Войсковая часть, в которой мы должны были забрать обед, оказалась далековато: шли около часа. Мишка уже начал бурчать, что могли бы и на трамвае подъехать, но тут командир подал команду «Стой!» — и мы увидели массивные зеленые ворота с красной пятиконечной звездой. Ворота сразу же открылись, и мы вошли в широченный, вымощенный булыжником двор. Вокруг длинные двухэтажные дома из красного кирпича.
— Глянь, танки!
Мишка восторженно колотит меня локтем в бок, хотя я и без него все вижу. Грозные боевые машины выстроились в длинный ряд, вдоль них расхаживает часовой с винтовкой.
Да-а, это тебе не пехота! А может, и мне попроситься в танкисты? Чтобы вместе с Мишкой. На одной машине: он водителем, а я — командиром…

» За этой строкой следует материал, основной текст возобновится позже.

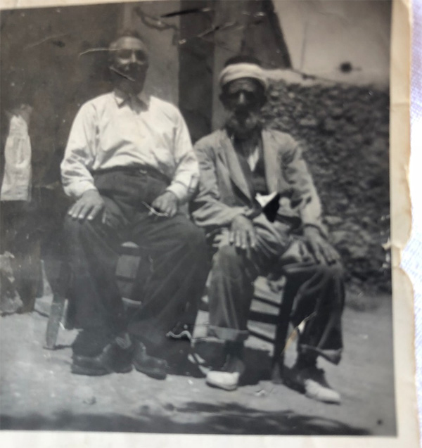 Annem bazı mektupları resimleriyle saklamış. Bu resim annemin babası ve dedesinin birlikte resmi olduğu için önemli. Baba oğul güneşli bir günde surlar içindeki taş evin avlusuna tahta sandalyelere oturmuş ve aynı pozu vermişler objektife doğru. Her ikisi de ellerinin dizlerinin üzerinde duruşu, ayaklarının açısı ile birbirlerini aynalıyorlar. Büyük Dede Türkiye’den gelen oğlunu görmekten mutlu. Yılların yorgunluğunu taşıyan omuzların altındaki bedeni oğluna yaslanmış. Büyük dedenin başında Lala Mustafa Paşa camiinde müezzinlik yaptığı için sarığı ve üzerinde cüppesi var. Belki de biraz sonra caminin minaresine çıkıp ezan okuyacak olduğu için bu kıyafet üzerinde (Büyük dedenin o ileri yaşına rağmen merdivenleri tırmanıp minareden ezan okuması annem ve teyzelerim tarafından anlatılanlar arasında). Arkadaki kapıdan görünen ancak yüzü gölgede kaldığı için kim olduğu seçilemeyen beyaz kıyafetli kişinin, albümde yer alan diğer giysilerine benzeterek annem olabileceğini düşünüyorum. Dedemin Mağusa ziyaretinde çekilen ve kendisine ulaştırılması için mektupla gönderilen bir resim olmalı bu resim.
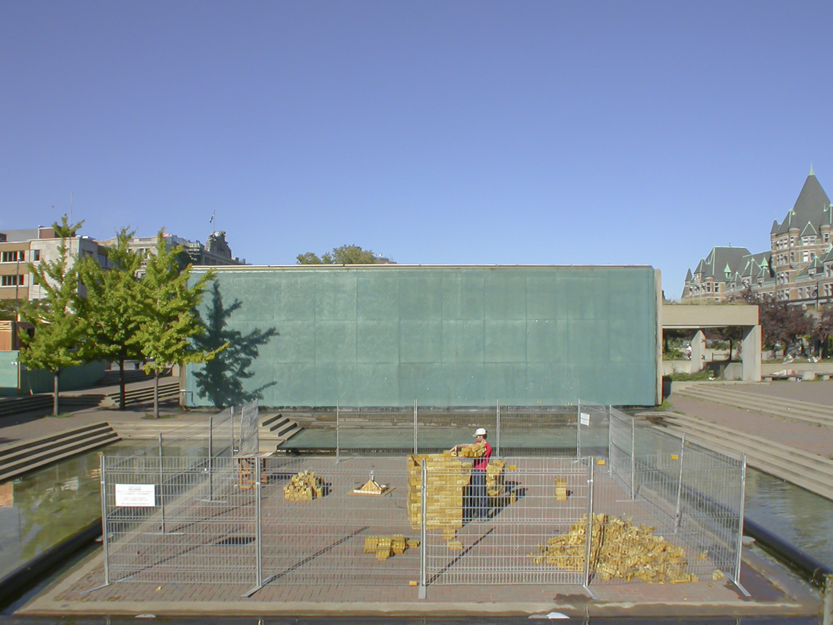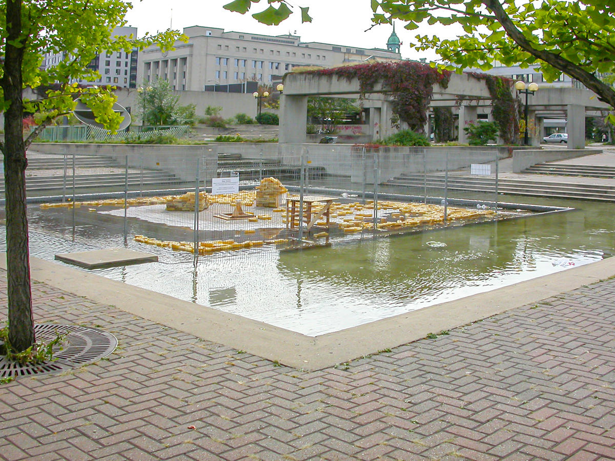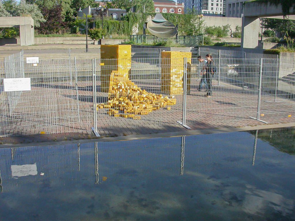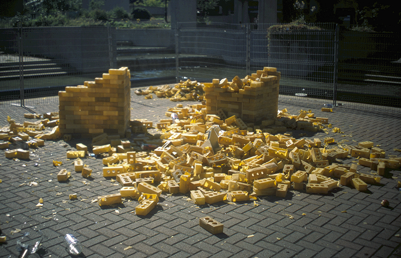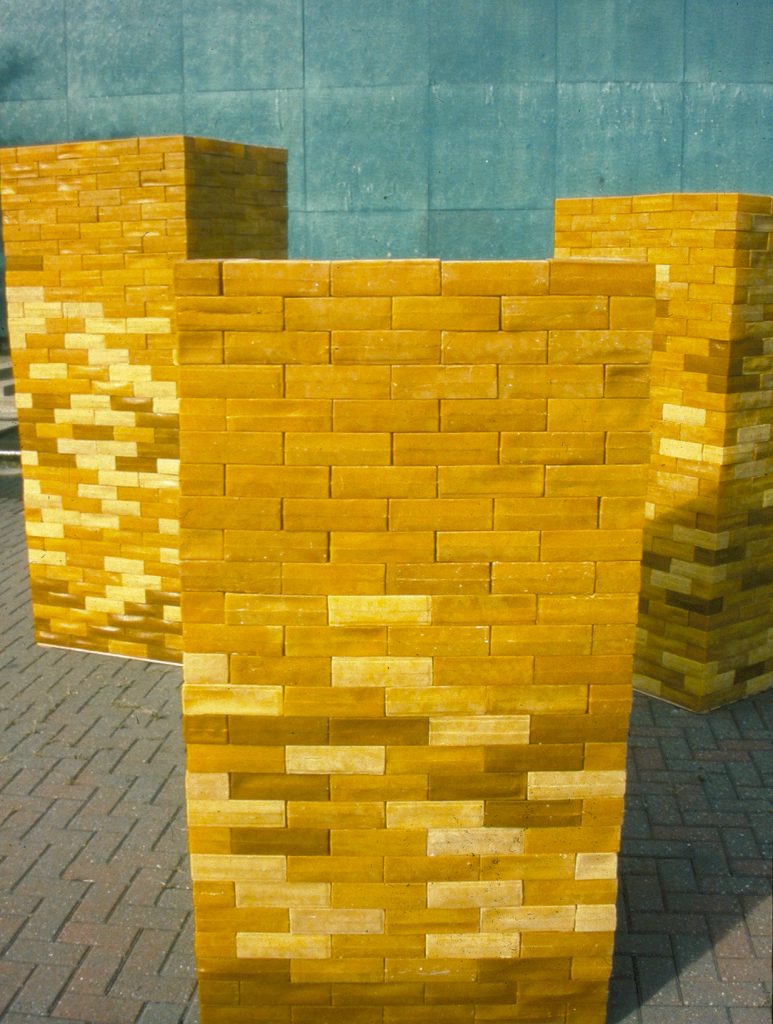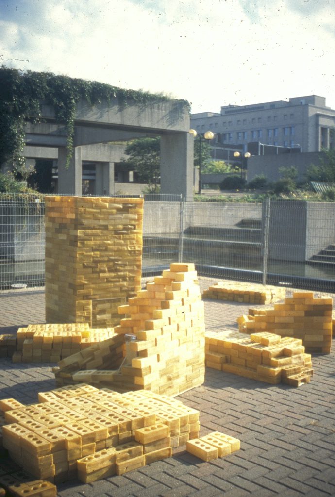The piece consisted of three towers built with 1500 hollow beeswax bricks. The towers were exposed to the elements – natural and social – each of which impacted the stability of the towers causing them to slump or fall over. Over the six-week installation, regular maintenance was applied to rebuild the towers. As the continual deterioration destroyed the bricks, the towers became shorter until there was only one small tower and a large pile of broken brick pieces. The exposed nature of the project allowed for interaction with the public including a group of itinerants who also lived in the park. Initially hostile towards the work, their attitude transformed into active maintenance and voluntary security.

Тем временем подходим к единственному одноэтажному дому, останавливаемся у дверей. Командир приказывает нам подождать, а сам заходит внутрь. Вскоре появляется с двумя дымящимися паром ведрами в руках. Ведра огромные, каждое как бадья.
— А ну-ка, налетай, кто проголодался!
Я ринулся было подскочить первым, но Мишка вовремя дернул меня за рукав:
— Куда, дурной? Может, полегче будут.
Более легких так и не дождались. Командир сказал:
— Нужно с часок подождать. На два ведра не хватило: доваривают.
— Товарищ командир, борщ же остынет!
Командир подумал-подумал и решил так: он поведет тех, кто с борщом, а нам с Мишкой оставаться здесь. И ждать, пока он снова вернется. Ясно?
Ясно-то ясно, да не очень весело. Есть так хочется, аж в животе бурчит, и еще не терпится побыстрей к эшелону добраться, узнать, куда нас повезут. Но приходится ждать, и мы рассматриваем танки.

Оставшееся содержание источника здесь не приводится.